NAACP Legal Defense Fund lawyers Samuel W. Tucker, Jack Greenberg, Henry L. Marsh, III, James Nabrit III, Michael Meltsner and Oliver W. Hill argued and prepared the petitioners' case, and Tucker presented their arguments. Frederick T. Gray represented the school board, and Louis F. Claiborne served as amicus curiae.
The Court noted that "freedom of choice" plans[further explanation needed] tended to be ineffective at desegregating a school system. Although the Court did not rule that all "freedom of choice" plans were unconstitutional, it held that in New Kent County's case the freedom-of-choice plan violated the Constitution.
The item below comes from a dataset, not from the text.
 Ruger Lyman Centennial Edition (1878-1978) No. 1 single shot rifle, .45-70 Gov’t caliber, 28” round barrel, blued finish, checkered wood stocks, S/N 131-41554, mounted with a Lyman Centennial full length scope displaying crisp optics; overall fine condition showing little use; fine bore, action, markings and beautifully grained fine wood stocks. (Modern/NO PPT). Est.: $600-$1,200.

The Court's skepticism of New Kent's freedom of choice plan was due in part to the county's slowness: "it is relevant that this first step did not come until some 11 years after Brown I was decided and 10 years after Brown II directed the making of a 'prompt and reasonable start.' ... Moreover, a plan that, at this late date, fails to provide meaningful assurance of prompt and effective disestablishment of a dual system is also intolerable. 'The time for mere 'deliberate speed' has run out,' Griffin v. County School Board, 377 U. S. 218, 377 U. S. 234."
To comply with the Court's mandate, the school board separated the New Kent and George Watkins schools by grade level, rather than race. The Watkins School became George Watkins Elementary School, and New Kent became New Kent High School.
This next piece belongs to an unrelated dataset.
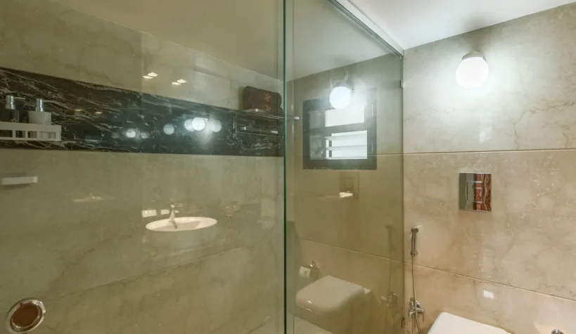 - On the ground floor, you will find a rustic dining area, a spacious balcony with a swing, a powder room, a kitchen, and two bedrooms with ensuite bathrooms.

In the decades following Green, courts throughout the U.S. used five criteria identified in Green, known as the five Green factors, to assess whether school systems had sufficiently desegregated. The Green factors are: (1) faculty, (2) staff, (3) transportation, (4) extracurricular activities, and (5) facilities. These five Green factors from the following text in Green, assessing New Kent's failure to integrate:
"Racial identification of the system's schools was complete, extending not just to the composition of student bodies at the two schools, but to every facet of school operations -- faculty, staff, transportation, extracurricular activities and facilities."
This guidance built on the Court's previous guidance from Brown II in 1955 where the Supreme Court charged the district courts to: "consider problems related to administration arising from the physical condition of the school plant, the school transportation system, personnel, revision of school districts and attendance areas ... and revision of local laws and regulations."
Several events took place in New Kent County, Virginia during May 2018 to celebrate 50 years since the Supreme Court's ruling on the case. The Green vs County School Board of New Kent organization has a list of the events. In 2018, the Library of Virginia honored Calvin Coolidge Green (1931–2011), pastor, soldier, educator, civil rights activist and father of named plaintiff Charles Green, as one of its Strong Men and Women.